Rabbi's Column - April 2026

Dear Friends,

Did you know that the Statue of Liberty has a Jewish story? Our Confirmation Class discovered the statue’s foundations — both literal and figurative — on our recent trip to New York City.

The story begins with a great Jewish American who should be a household name: Emma Lazarus. Born to a prominent Sephardic family in the 1840s, she was already a published author by age 14. By the 1880s, hundreds of thousands of Jews were fleeing violent Russian pogroms. Bearing witness to the plight of her people, Lazarus dedicated much of her life to aiding migrants in distress. She volunteered at New York’s Ward’s Island, which at that time served as a first point of arrival for new immigrants, as well as a hospital for the ill and infirm. She was an early volunteer in the Hebrew Immigrant Aid Society, today known as HIAS.

Lazarus concretized what became her life’s vocation into a powerful poem. Calling it The New Colossus, she drew a contrast between the imposing, martial Colossus of Rhodes and the welcoming, maternal Lady Liberty. She penned the poem as part of an effort to raise funds for the statue’s completion. Rediscovered some years later, the poem became so popular that it was engraved on a plaque in the statue’s base, where it remains today. You know the famous refrain:

Not like the brazen giant of Greek fame,
With conquering limbs astride from land to land;
Here at our sea-washed, sunset gates shall stand
A mighty woman with a torch, whose flame
Is the imprisoned lightning, and her name
Mother of Exiles. From her beacon-hand
Glows world-wide welcome; her mild eyes command
The air-bridged harbor that twin cities frame.
“Keep, ancient lands, your storied pomp!” cries she
With silent lips. “Give me your tired, your poor,
Your huddled masses yearning to breathe free,
The wretched refuse of your teeming shore.
Send these, the homeless, tempest-tost to me,
I lift my lamp beside the golden door!”

Our confirmation class recited these words in New York Harbor as we traced the immigrant stories that unite us. We visited two historic synagogues, as well as the tenement museum, where families of 10 or more routinely shared 350 square feet. So many of us have ancestors who braved these conditions in search of a better life. Do you know your family’s immigration story?

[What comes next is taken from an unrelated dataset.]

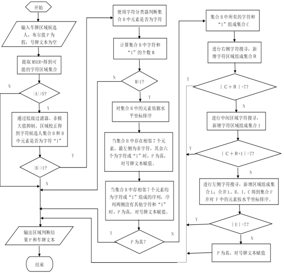 参考自然场景下的文本检测 方法和车牌中的字符分布特 点,对车牌候选区域提取改 进的最大稳定极值区域,通 过使用非极大值抑制和区域 校正得到字符候选人,通过 字符判断分类器和字符搜索, 实现非车牌区域的滤除和车 牌区域7个字符的提取,其

As time goes on, each generation feels increasingly distant from our forebears. On one hand, this is a success: our teenagers feel the comforts of modern life as full Americans. On the other hand, oppression has shaped Jewish identity in profound ways. And even if we are determined to forget this dimension of our history, it seems the world will always stand ready to remind us. When we understand where we come from, we better understand ourselves.

The Jewish story is one of outsidership. Abraham, the very first Hebrew, famously described himself as a “stranger in a strange land.” That very word, Hebrew (“ivri”), refers to crossing between places - an identity that passes from here to there, but doesn’t always fit solely in either place.

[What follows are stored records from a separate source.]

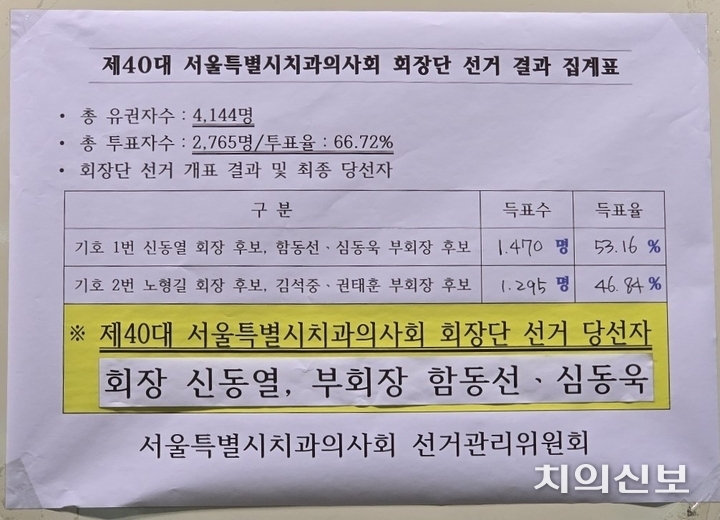 이번 제40대 회장 선거에 출마한 기호 1번 신동열 회장 후보, 함동선·심동욱 부회장 후보는 오늘(10일) 치협 회관에서 진행된 개표 결과 총 1470표(53.16%)를 얻어 제40대 서울지부 회장단에 당선됐다. 이는 1295표를 얻은 기호 2번 노형길 회장 후보, 김석중·권태훈 부회장 후보(46.84%)와는 175표 차이다.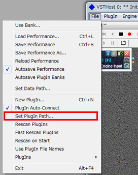 - VST Host のメニュー「File」→「Set PlugIn Path…」を選択。
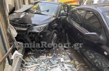 Λαμία: Απίστευτες εικόνες με αυτοκίνητο να «καρφώνεται» σε βιτρίνα μετά από τροχαίο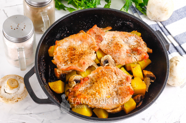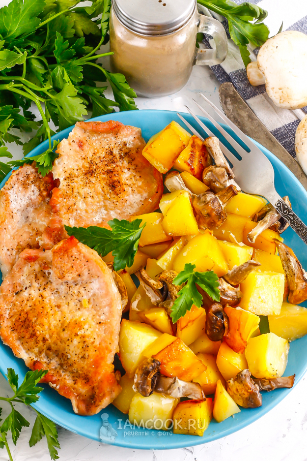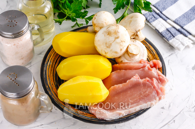 Возьмите необходимые ингредиенты для приготовления свиных отбивных с картошкой и грибами в духовке.

At Pesach, we sit down with family to tell our freedom story. The Haggadah explains that its own narrative arc proceeds from g’nut l’shevach - degradation to praise. Avadim Hayinu, we cry! We were slaves, and now we are free.

We are further instructed to see ourselves, individually, as if we all came out of Egypt. The collective memory, in other words, becomes our personal responsibility.

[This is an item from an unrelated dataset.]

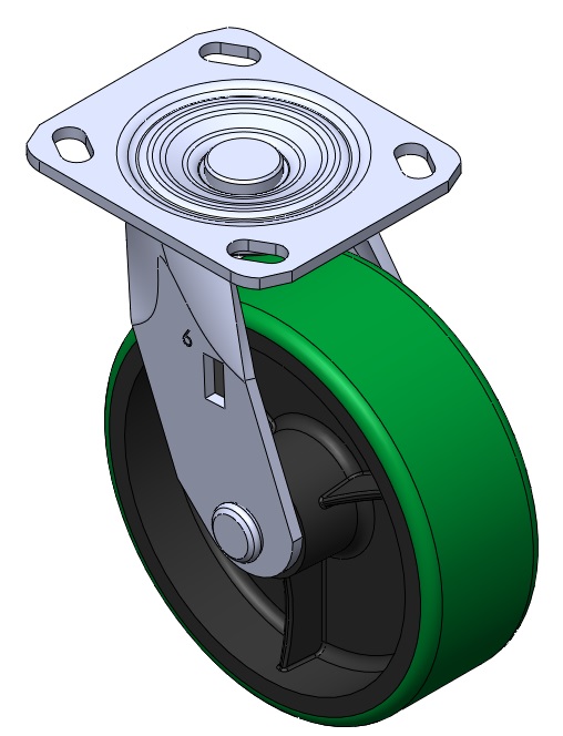 Swivel Caster with Welded Caster Fork Zine-Plated, Mounting Type - Top Plate Cast Iron Wheel Center with High Quality Polyurethane tread Green, Bearing—Annual Ball Bearing. |

Our confirmation students have been examining this history all year, in conversation with their family stories. I hope that they felt the weight of that history on our visit to New York. It is a history that imbues us with privilege, as well as profound responsibility. This year marks 250 years of the American experiment. What a wonderful opportunity for all of us to discover (or rediscover) our own family stories.

Each year Passover bids us remember:

We were slaves, so we must fight for the oppressed.
We know the pain of the outsider. And so, we are called, like Emma Lazarus, to aid the outsiders among us.

This year we are here, next year in the land of Israel.
This year, many are in chains. Next year, may all be free.